Il ignora la répétition de l’importun.
— Dans tous les cas, vous aurez vos explications plus tard… Revenons à nos Phtoomph : beaucoup de chercheurs ont tenté de braver l’interdit d’Abraxas dans l’optique de créer un remède. Tout y est passé : alchimie, kirrositomancie, conjuration… mais le résultat reste le même – il marqua une pause théâtrale – la mort. La seule délivrance possible et le plus grand service qu’on peut leur rendre.
Ce fut sur cette note tragique que le cours se termina d’emblée, avec tous les étudiants qui partaient sans dire merci ou au revoir. Ugo l’avait déjà remarqué : l’enseignement ici était gratuit mais en revanche, il n’y avait pas de forme de respect « poli » envers les professeurs, les étudiants ne se comportant pas plus en petits démons qu’en bons petits soldats.
Quand ils arrivèrent dans le cours suivant, l’ambiance avait déjà changé du bout au bout : à contrario des amphithéâtres rectangulaires précédents, la salle était circulaire et ne comportait qu’une estrade. Les élèves s’asseyaient par terre, sur des poufs ou restaient debout. La professeure présente était une mournienne du nom de Jossna Malakar.
— Ah, nos retardataires ! (Ugo lui lança un regard mauvais ; ils étaient à l’heure) Nous allons commencer ! Installez-vous… Chers élèves, bienvenue dans le cours de pratique magique ! Pour notre premier thème, nous allons travailler sur le système le plus simple en l’apparence, mais complexe en apprentissage : les Runes ! Quelqu’un peut me rappeler ce que sont les Runes ?
Quelqu’un leva la main. La professeure lui demanda :
— Oui… ?
— Jinn Cheresh. Les Runes sont une construction mathématique immobile qui s’active avec l’aide des kirrosi et des sigles primaires pour faire de la magie.
— Une explication somme toute succincte et claire ! minauda la professeur avant de taper dans ses mains.
Derrière elle, le tableau noir fut parcouru d’un tremblement, un crépitement, suivi d'étincelles, jaillirent du tableau en dessinant une forme complexe.

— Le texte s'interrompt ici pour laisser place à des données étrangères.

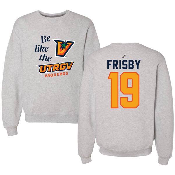 The University of Texas Rio Grande Valley Soccer Light Gray Be Like Us Crewneck - #19 Savannah Frisby

Quand le dessin fut achevé, Ugo put constater que les schémas magiques n'étaient pas si compliqués que ça. En effet, celui-ci ressemblait plus à une formule géométrique dans un espace non euclidien. Des écritures (sûrement du « mage » ancien) s'entremêlaient autour des lignes, mais elles n'étaient que formules mathématiques basiques, niveau BAC+3 au bas mot. Du gâteau…, pensa Ugo avec un amusement refoulé en voyant les têtes contrites de ses camarades et des jeunes mourniens.
— Vous !
La professeure désigna Yannis, qui sursauta, avant de regarder autour de lui.
— Oui, vous ! Il n’y a personne d’autre que pointe mon doigt, non ? Venez nous faire une démonstration (indécis, Yannis se leva de son pouf pour approcher le tableau) Vous êtes… ?
— Yannis Brendeck.
— Oui… Le fameux… Dites-moi, avez-vous déjà vu ce schéma ?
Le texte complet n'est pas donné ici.